We have a lot of new homes with heat pumps since they produce a therm of heat for less money that gas. The optimum is a heat pump with gas backup. :smile:
 
charlie said:
We typically serve six to eight homes (50% total electric) with a 50 kVA pad mount transformer. Our pole mounted 50 kVA transformers (new customers are very rare) usually serve about 15 customers and most are total electric except for gas heat.

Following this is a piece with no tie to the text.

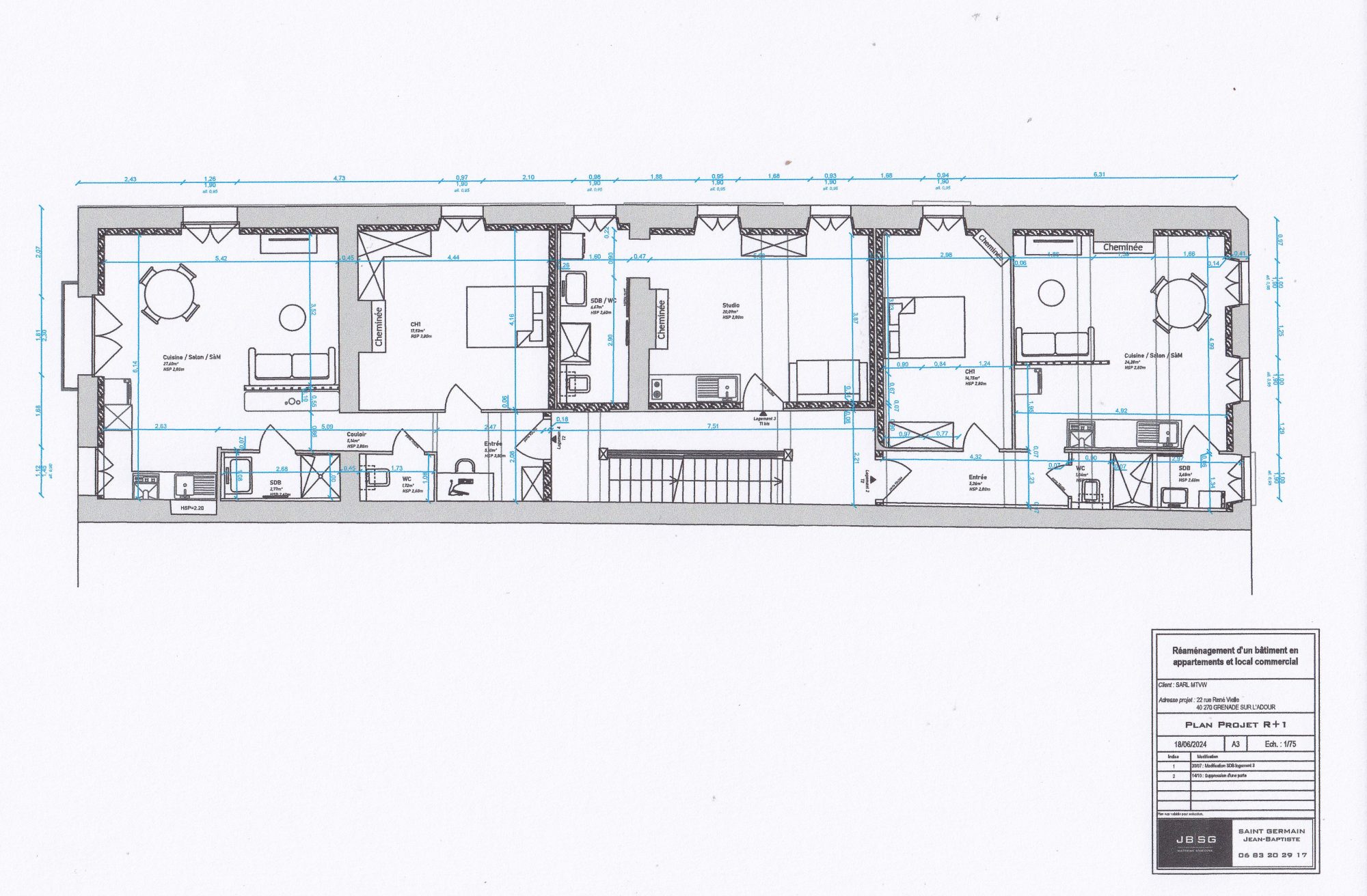 Le studio se situe au 1er étage et se compose comme suit : Une pièce de vie de 18m2 avec cuisine ouverte en option. Une salle d'eau d'environ 7m2 avec douche, meuble de salle de bains et WC non séparé. A noter : le studio est livré semi-fini notamment sans la cuisine au choix du client. Néanmoins, nous pouvons aussi vous proposer un studio entièrement fini avec vos finitions en vous mettant directement en relation avec nos artisans professionnels.

We have a lot of new homes with heat pumps since they produce a therm of heat for less money that gas. The optimum is a heat pump with gas backup. :smile:

Thanks for that info. :) My statements were just based on my uninformed observations of typical residential distribution in National Grid and Northeast Utility territory.
 
charlie said:
Bob, that is exactly what we do. We set up a demand meter on a transformer and demand meters on each customer served by that transformer to get a relationship between the energy usage and the demand for a particular type of customer. This is done over long periods of time so we can develop an equation that will work for most installations of a certain rate and time of year. We have a couple of dozen installations spread over our system so we can achieve some semblance of accuracy and base our TLM (transformer load management) program on the data.

I have seen this equipment in NY, but I assumed they were checking individual customers to verify possible thefts of service.